» **WHAT THE TASK ASKS**
Retype exactly the lines below, starting with the line that contains "On Fire Large" and ending with the last line; leave out any pictures.

» **DATASET EXTRACT**

- - - -

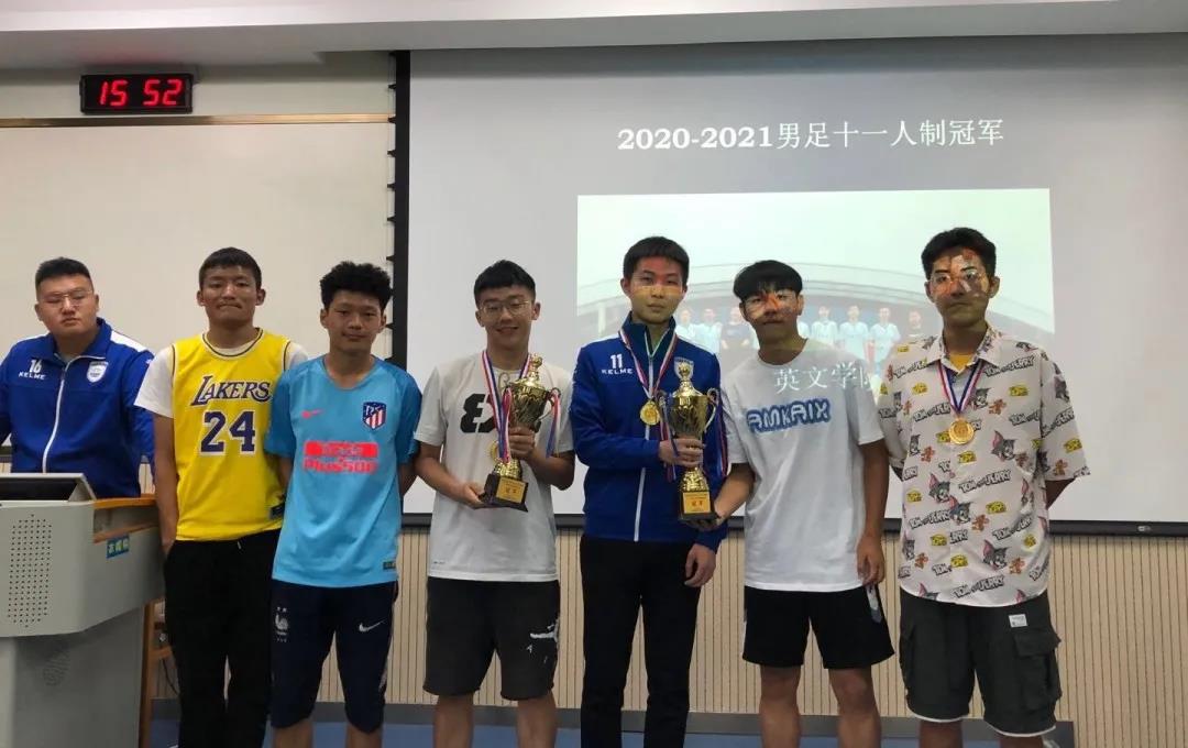 男子11人制足球联赛总决赛在校足球场上成功落下帷幕。经过激烈角逐,最终英文男足以2:1战胜艺术学院队,成功卫冕男足冠军!
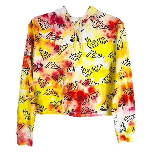 On Fire Large Hoodie Pizza Pizzazz Tie Dye All Over Print Yellow Red 1015
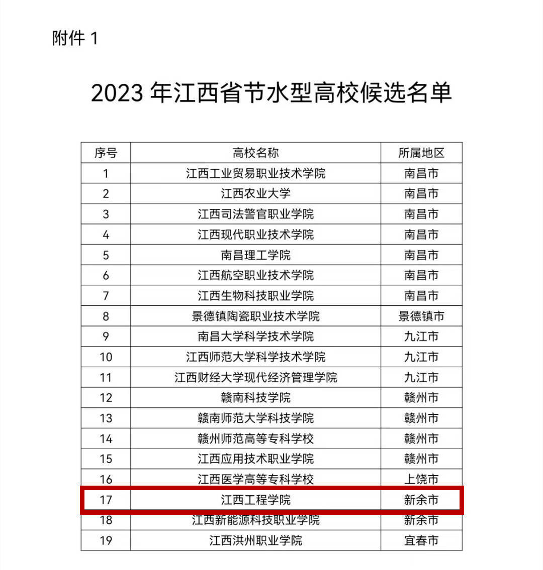 近日,江西省教育厅公布2023年江西这些高校入围省级候选名单并予以公示,根据《江西省节水型高校建设工作方案》(赣水综字〔2019〕9号)部署,2023年,经过省水利厅、省教育厅和省管局评估验收,共有19所高校入围省级节水型高校候选名单,2所高校入围省级节水型高校水效领跑者候选名单。其中,江西工程学院入围省级节水型高校候选名单。

- - - -

» **ANSWER TO THE PROBLEM**
 On Fire Large Hoodie Pizza Pizzazz Tie Dye All Over Print Yellow Red 1015
 近日,江西省教育厅公布2023年江西这些高校入围省级候选名单并予以公示,根据《江西省节水型高校建设工作方案》(赣水综字〔2019〕9号)部署,2023年,经过省水利厅、省教育厅和省管局评估验收,共有19所高校入围省级节水型高校候选名单,2所高校入围省级节水型高校水效领跑者候选名单。其中,江西工程学院入围省级节水型高校候选名单。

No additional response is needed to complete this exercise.